◆ **Task details**: Each and every line below goes into your answer unchanged, but leave out the images.

◆ **Data**:
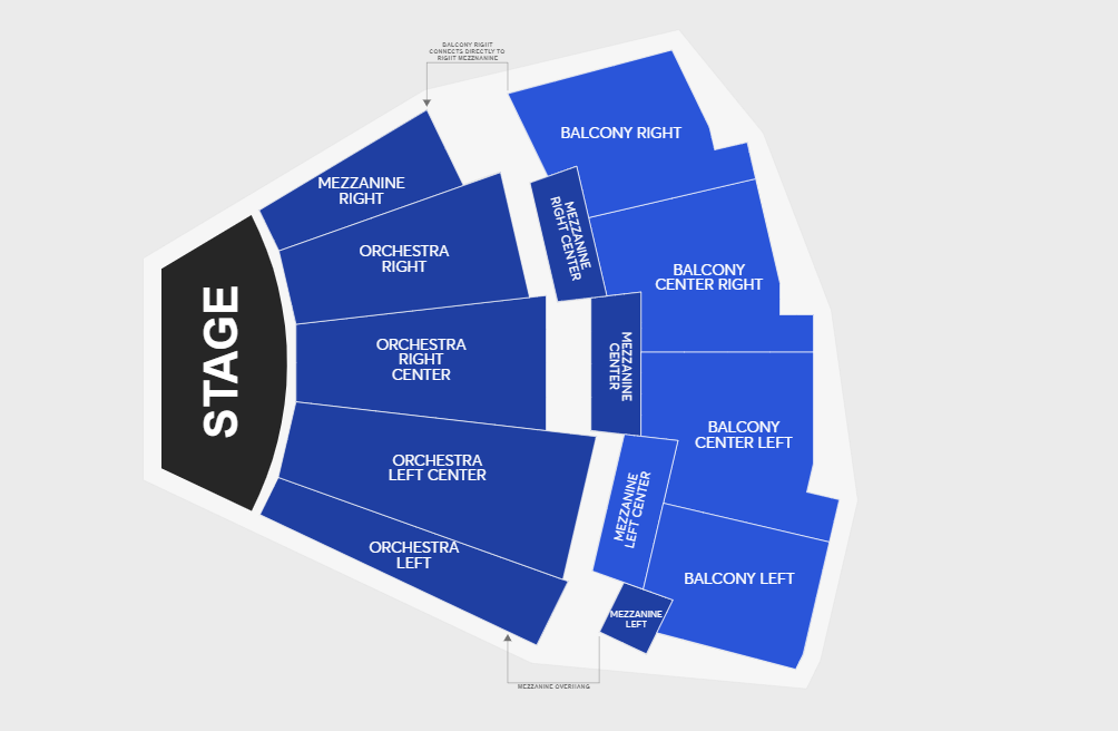 - Seating: Balcony Center Right, Balcony Center Left, Balcony Right, Balcony Left
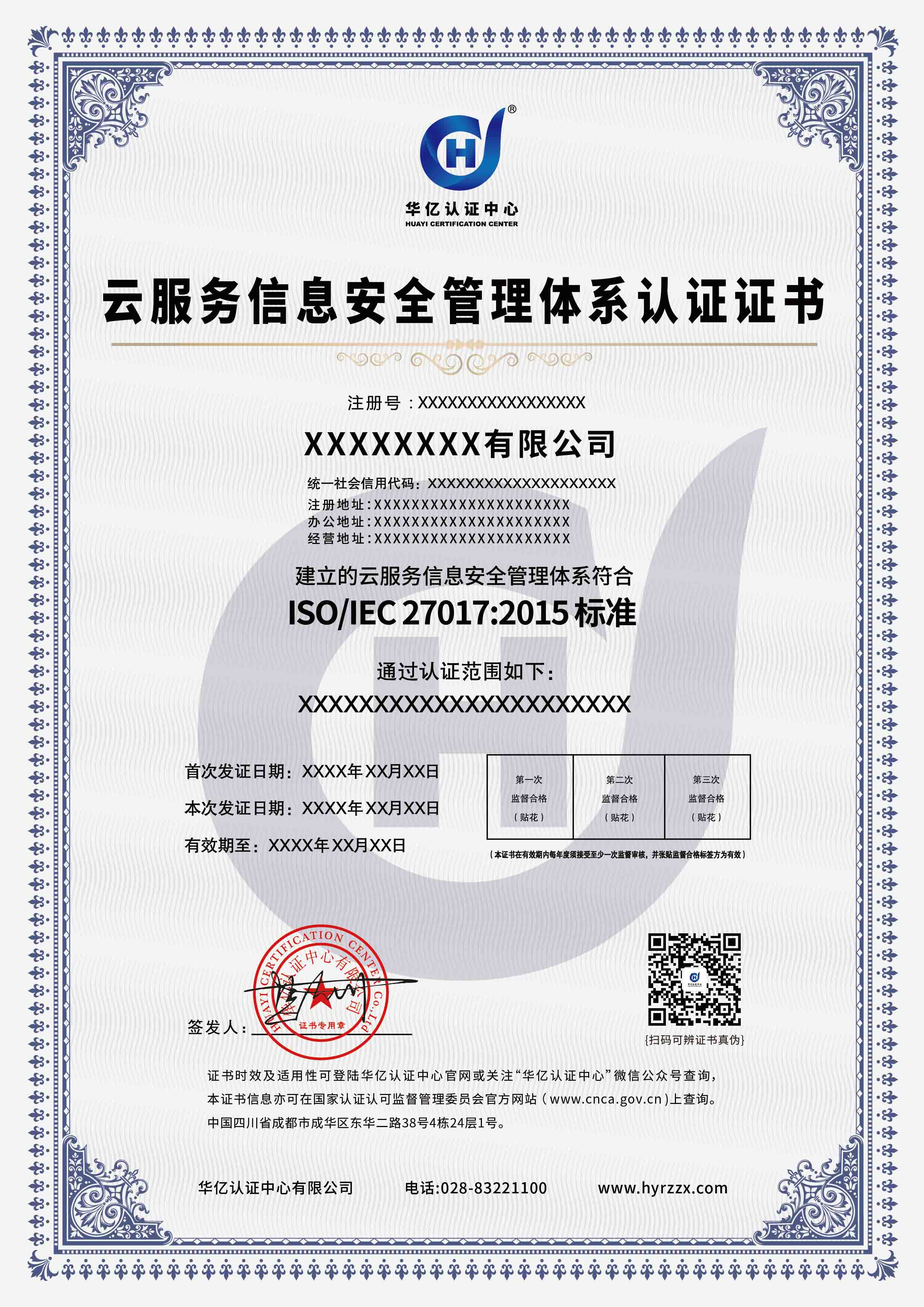 云服务信息安全管理体系认证证书
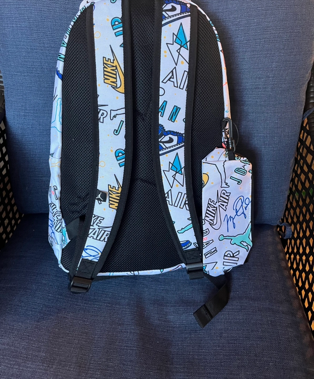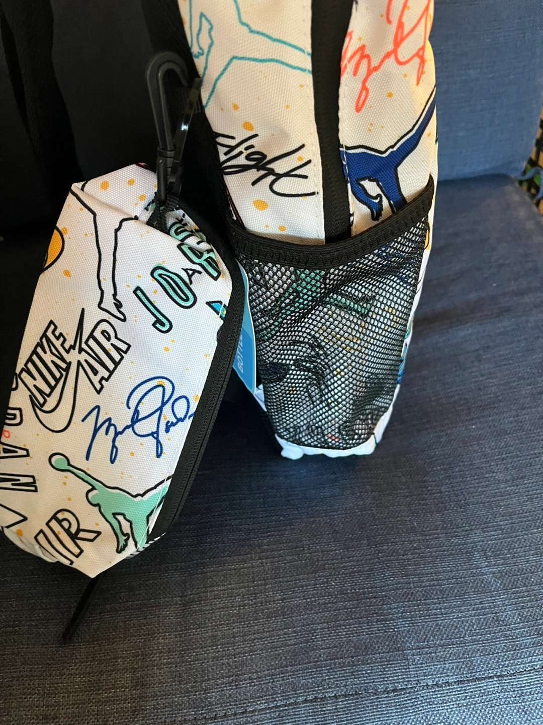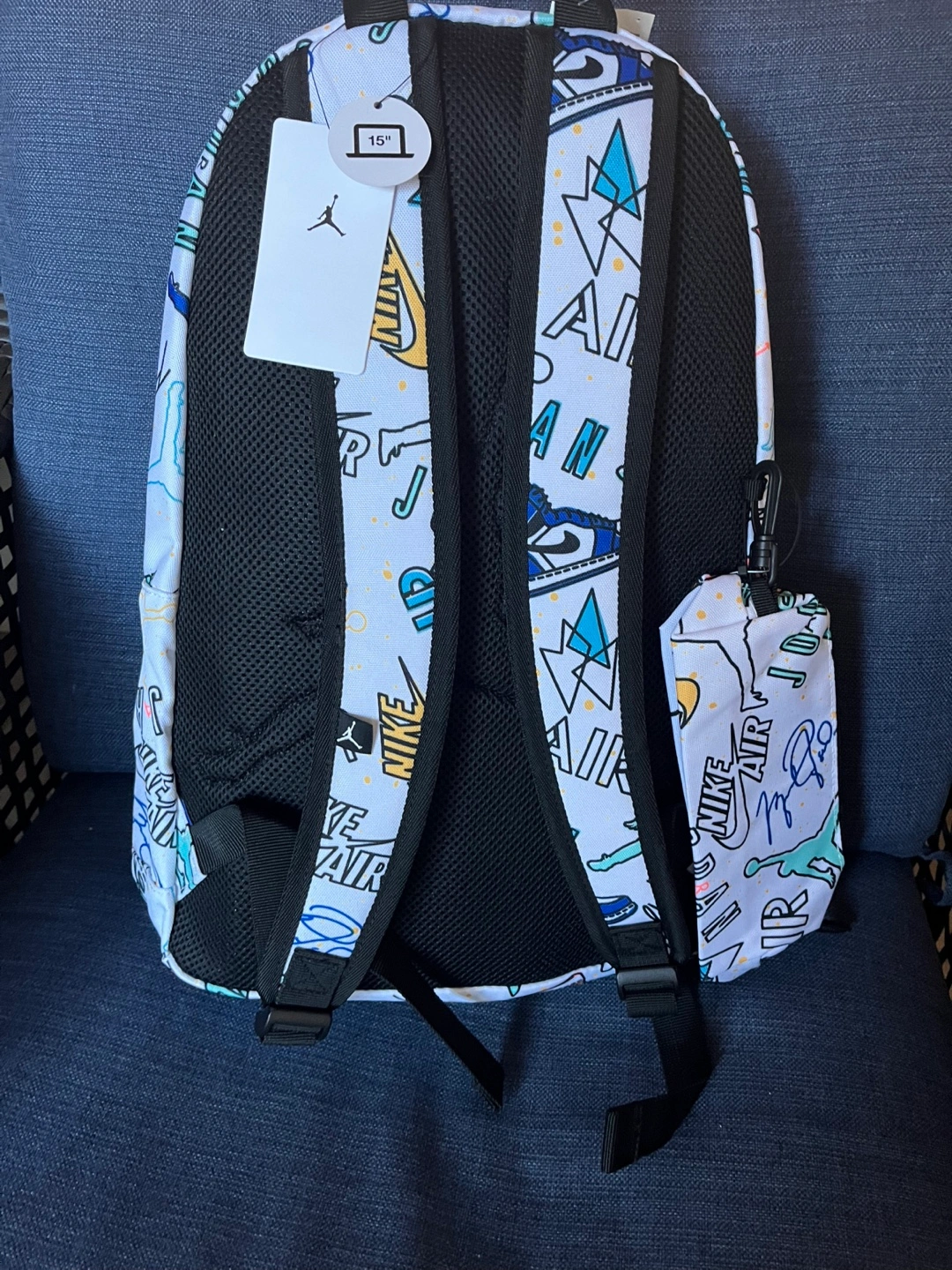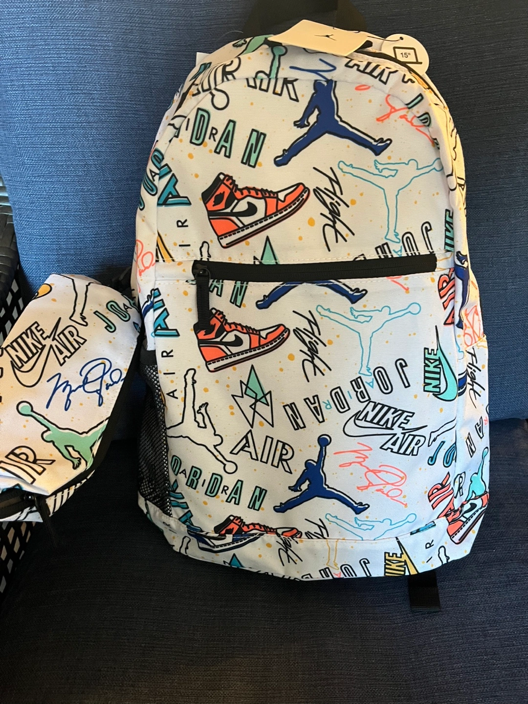 brand new backpack with pencil ✏️ case 2 piece set with tags Check out this cool Nike Air Jordan backpack! It comes with a matching pencil case, perfect for school or everyday use. The backpack has a fun, all-over print featuring the iconic Air Jordan logo and designs. It's brand new from smoke and pet free home

◆ **Written answer**:
 - Seating: Balcony Center Right, Balcony Center Left, Balcony Right, Balcony Left
 云服务信息安全管理体系认证证书
 brand new backpack with pencil ✏️ case 2 piece set with tags Check out this cool Nike Air Jordan backpack! It comes with a matching pencil case, perfect for school or everyday use. The backpack has a fun, all-over print featuring the iconic Air Jordan logo and designs. It's brand new from smoke and pet free home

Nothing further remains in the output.